Page MenuHomePhabricator

AMDGPU: Should always start from the first register in VGPR indexing.
Needs ReviewPublic

Authored by cfang on Mon, Dec 3, 3:47 PM.

Details

Summary

SunReg should always be AMDGPU::sub0. The 8-bit m0 field for the index is unsigned.
We can guarantee the index non-negative (if the program itself is correct) only when we
start from the very first register in the vector.

The original optimization shifts the base to AMDGPU::sub0 + Offset, which leads to the situation
that the index could be negative to address the registers to the left of the base (Offset).
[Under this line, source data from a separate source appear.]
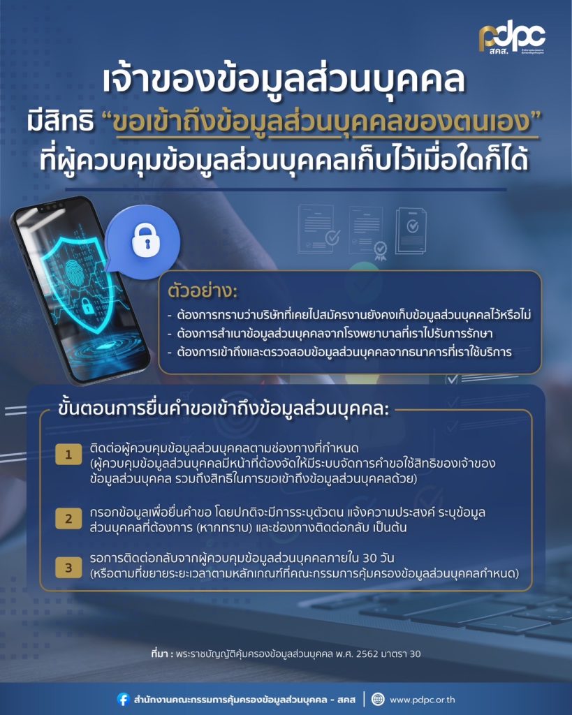 เจ้าของข้อมูลส่วนบุคคล มีสิทธิ ขอเข้าถึงข้อมูลส่วนบุคคลของตนเอง ที่ผู้ควบคุมข้อมูลส่วนบุคคลเก็บไว้เมื่อใดก็ได้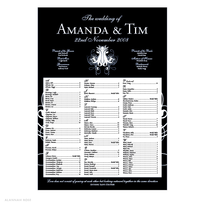 This guest seating chart is the perfect way to help your guests find their table. Choose from our Glossy Poster Stock for insertion into a frame of your choice or order our Self-adhesive Stock, which you can adhere to a solid backing board, such foam board or corflute.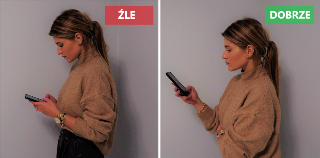 W kontekście rehabilitacji kręgosłupa, a jeszcze bardziej profilaktyki, ogromne znaczenie ma sposób korzystania z telefonu. Długotrwałe pochylanie głowy w dół znacząco zwiększa obciążenie kręgosłupa szyjnego.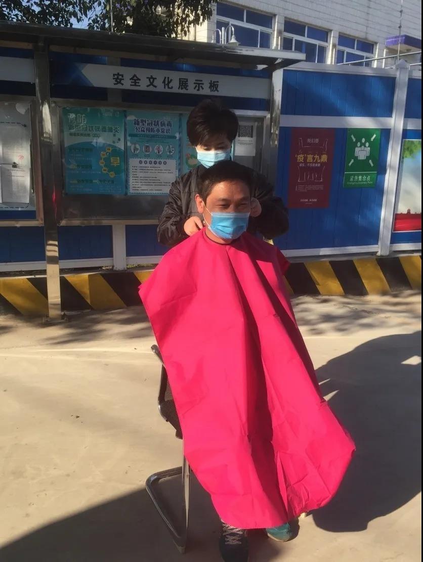 3.送“服务”到工地现在是防控工作最吃劲时期,为减少交叉感染,工地上很多建设者不便到理发店理发,徐泾水厂一名党员科长为他们送去了志愿者服务——暖心理发,虽然技艺不精湛、动作不娴熟,但是得到了建设者们的一致称赞。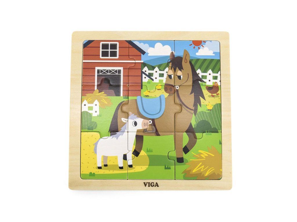 Drevené puzzle pre najmenších Viga 9 ks Koníky - 52041

Thus the
optimization is invalid.

Diff Detail

Event Timeline

cfang created this revision.Mon, Dec 3, 3:47 PM
arsenm added a comment.Mon, Dec 3, 3:52 PM

We should try to use some known bits information to keep this. I have a patch to add a machine version, but there might be a better way

cfang added a comment.Mon, Dec 3, 4:00 PM

We should try to use some known bits information to keep this. I have a patch to add a machine version, but there might be a better way

Would you please explain how would your knownbit approach resolve the negative index issue while keep the optimization for gfx9+?
Or just post your patch. Thanks.

msearles added inline comments.Mon, Dec 3, 4:28 PM
lib/Target/AMDGPU/SIISelLowering.cpp
3013–3017

Typo: SunReg (should be SubReg). Typo is repeated in the second comment block as well.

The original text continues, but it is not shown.